Dopo la sua partecipazione nel 1997 a The Boxer, film che chiude la trilogia della sua collaborazione con Jim Sheridan, arriva l’ennesimo periodo di riposo durante il quale l’attore anglo-irlandese decide di trasferirsi in Italia, a Firenze, e di diventare apprendista calzolaio. Sarà nella sua bottega nei pressi di piazza Santo Spirito che Martin Scorsese lo andrà a pescare per convincerlo a partecipare al suo nuovo film. È anche questo il periodo in cui Daniel Day-Lewis rifiuta il ruolo di Aragorn ne Il Signore degli Anelli per portare avanti il suo progetto da artigiano. Dove Peter Jackson fallì, riuscì Scorsese, che coinvolse l’attore nel suo film sulle origini di New York. È il 2002 e esce al cinema Gang of New York. Il film, che vede protagonista Leonardo DiCaprio, da a Daniel un’altra possibilità di mostrare il suo enorme talento, tanto da conferirgli la sua terza nomination agli Oscar (vinto poi da Adrien Brody per Il Pianista) e da regalare ai suoi fan una bellissima interpretazione di Bill il macellaio, personaggio divenuto celeberrimo trai fan dell’attore e del regista.

Moltissime sono le curiosità relative alle riprese del film che coinvolgono in prima persona l’attore: durante una scazzottata, DiCaprio ruppe realmente il naso a Daniel, che però continuò a recitare noncurante del dolore; anche tra un ciak e l’altro Day-Lewis continuava a parlare con lo strano accento che usava durante le riprese per interpretare il suo Bill, confermando, qualora ce ne fosse stato bisogna, anche la sua abilità con gli accenti e le lingue; l’attore si ammalò gravemente durante le riprese per essersi rifiutato di indossare come costume una giacca più calda, adducendo come scusa il fatto che giacche di quel materiale non esistevano ancora all’epoca dei fatti raccontati nel film. Dopo tre anni, nel 2005, recita, diretto dalla moglie Rebecca Miller, in La storia di Jack & Rose accanto a Camilla Belle, da noi uscito direttamente in home video.

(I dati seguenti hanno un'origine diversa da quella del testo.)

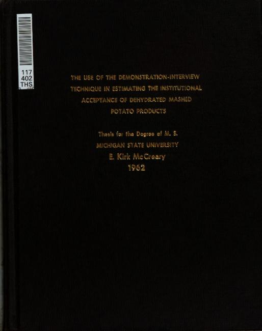 The use of the demonstration-interview technique in estimating the institutional acceptance of dehydrated mashed potato products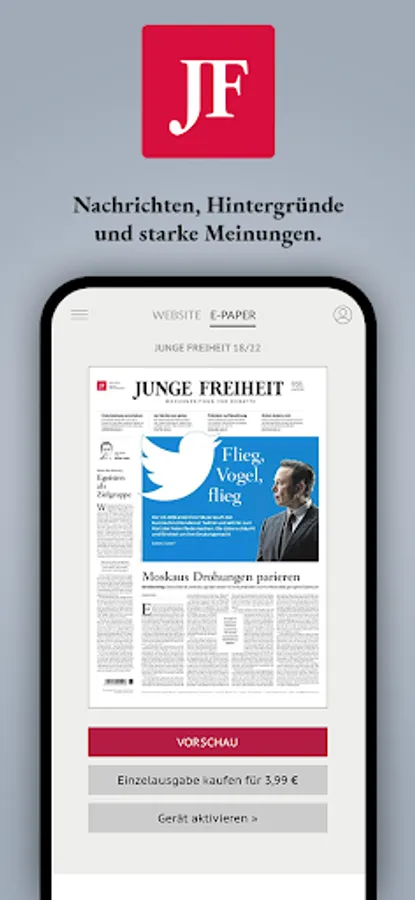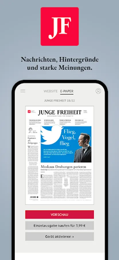 JUNGE FREIHEIT publishes information from Germany, Europe and the world. It brings news from economy, environment, culture, history, science and media.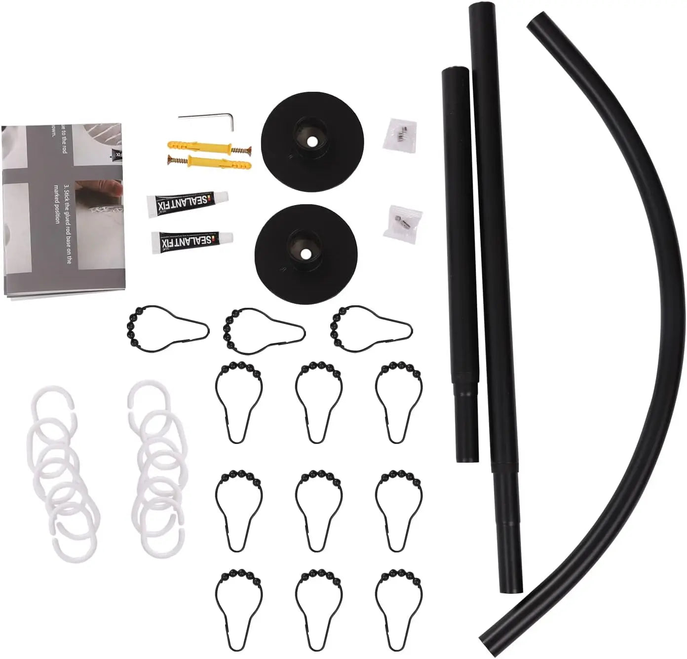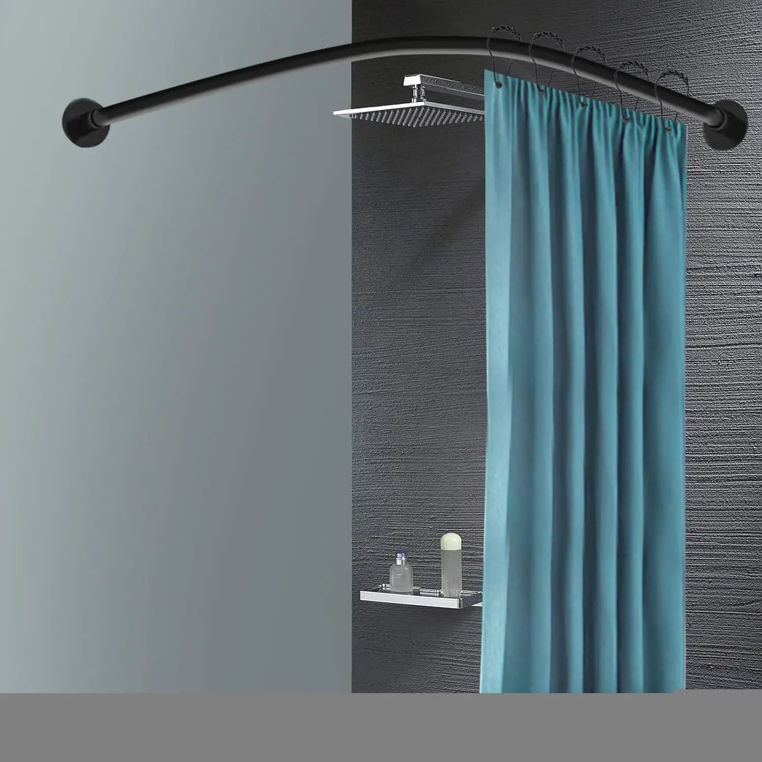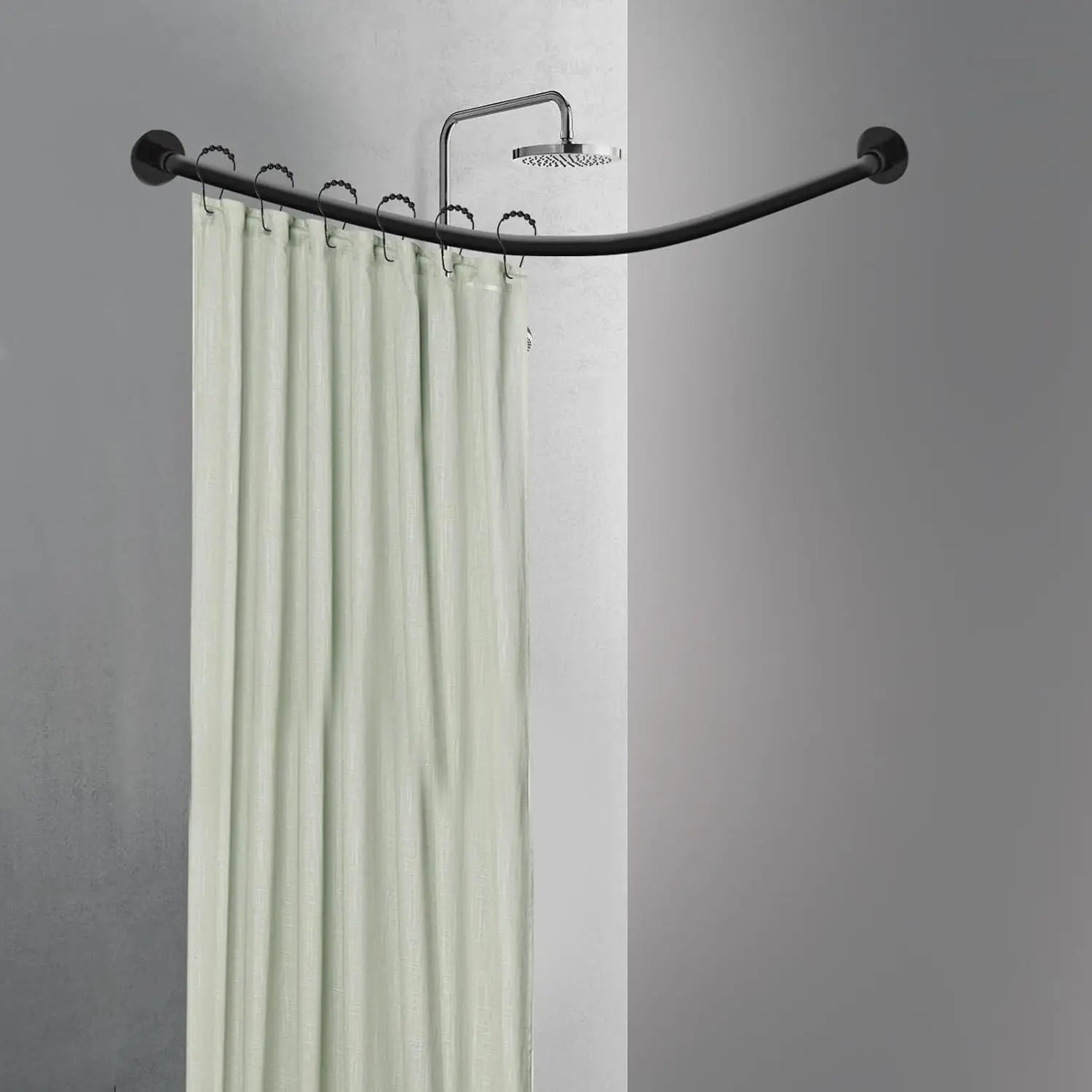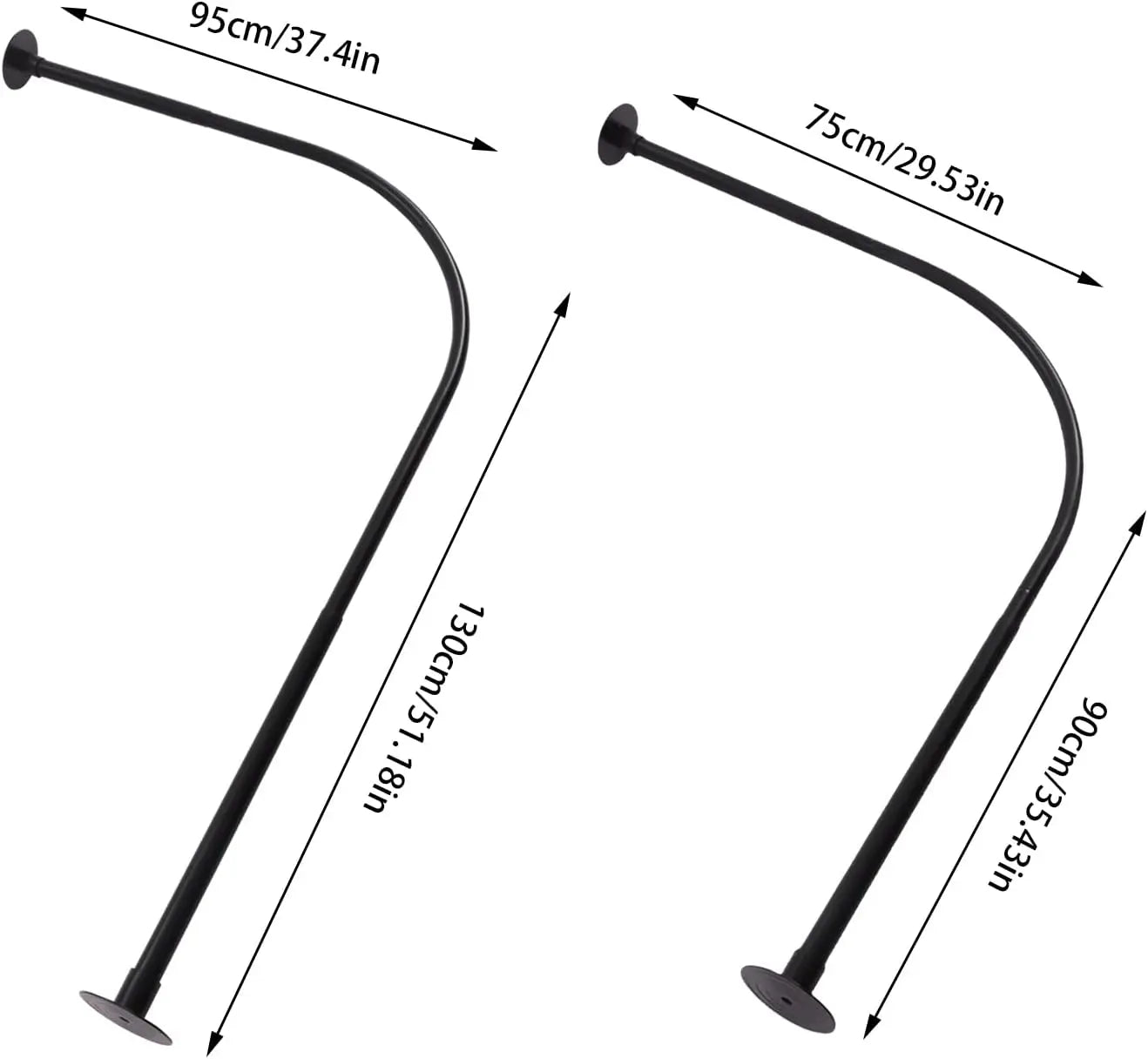 Black Shaped Shower Curtain Rod Adjustable 130cm Stainless Steel - Adjustable Height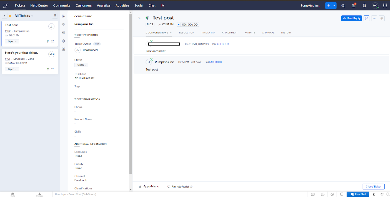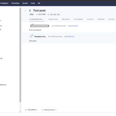 Tester l’assistance de Zoho Desk sur les réseaux sociaux a été très simple. Sur ma page Facebook, j’ai posté un statut et un “client” l’a commenté. J’ai immédiatement reçu une notification et un ticket d’assistance des réseaux sociaux dans le panneau de l’agent.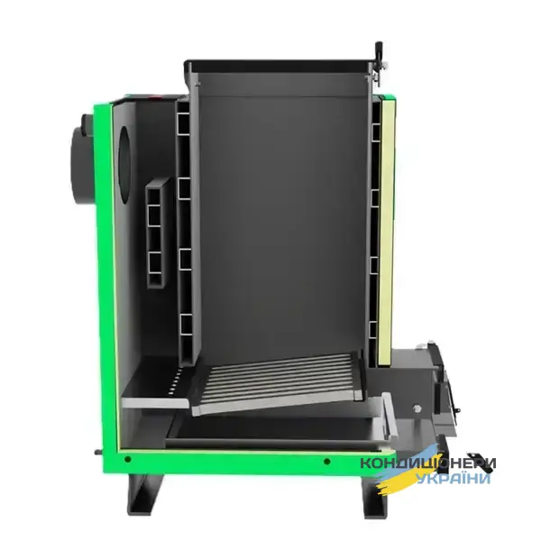 Котёл выполнен в виде двухкамерной вертикальной конструкции, где основной процесс горения происходит в нижней зоне топки, а верхние слои топлива постепенно подсушиваются. Такой принцип позволяет добиться равномерной теплоотдачи, удлинить время работы на одной загрузке и минимизировать потери тепла. Корпус и теплообменные элементы изготовлены из жаростойкой стали 5 мм толщиной, что гарантирует надежность и длительный срок службы котла.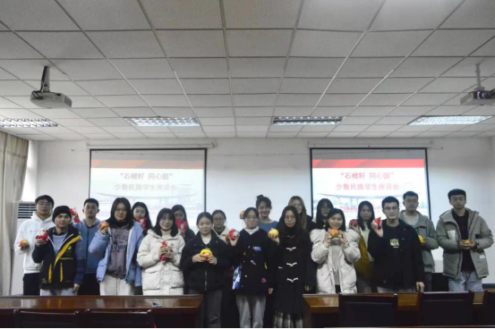 座谈会上学院为参会的同学赠送石榴,表达了希望各族学生要像石榴籽那样紧紧团结在一起的心意。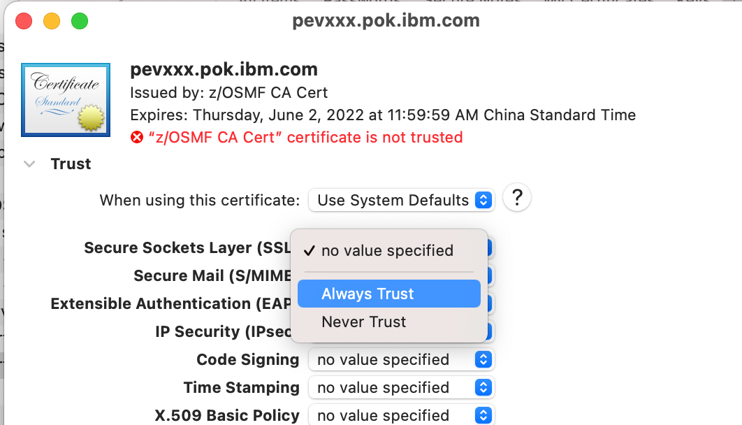 • Double click on the certificate. Expand the “Trust” section, modify the “Secure Sockets Layer (SSL)” options, make it “Always Trust”.

Il 2007 è per Daniel Day-Lewis un anno di trionfi e riconoscimenti. È sua, per la seconda volta, la statuetta dorata dell’Academy per la migliore interpretazione maschile da protagonista battendo la concorrenza di George Clooney (per Michael Clayton), Johnny Depp (per Sweeney Todd), Viggo Mortensen (per La promessa dell’assassino) e Tommy Lee Jones (per Nella valle di Elah) e il primo Golden Globe in carriera. Il film è Il Petroliere e il regista che dirige il nostro è Paul Thomas Anderson. Day-Lewis ha rilasciato dichiarazioni totalizzanti relativamente a questo ruolo, dichiarando di essersi letteralmente abbrutito per interpretare il Daniel Plainview scritto da Anderson in sceneggiatura: “Non è stato facile calarsi in quei panni. Perché Plainview è un uomo violento, ambizioso. Ho cercato di capire le dinamiche del lavoro nelle miniere, lo stato d’animo dei minatori che scavano nel buio come dannati, vivendo come animali. È stato faticoso. Io sono convinto che per recitare la vita di un altro bisogna sporcarsi le mani, bisogna viverla. Così mi sono trasformato in un essere brutale”. Anche su questo set Daniel si ha messo tutto se stesso, letteralmente, arrivando a rompersi una costola durante le riprese per la ferma volontà di non avere controfigure. La sua interpretazione straordinaria probabilmente va al di là dei premi e dei riconoscimenti ricevuti. Daniel Day-Lewis ha dimostrato ancora una volta di essere un attore di rara natura, dedito al ruolo, completamente preso dalla parte, con i risultati inevitabili di offrire performance fuori dalla norma.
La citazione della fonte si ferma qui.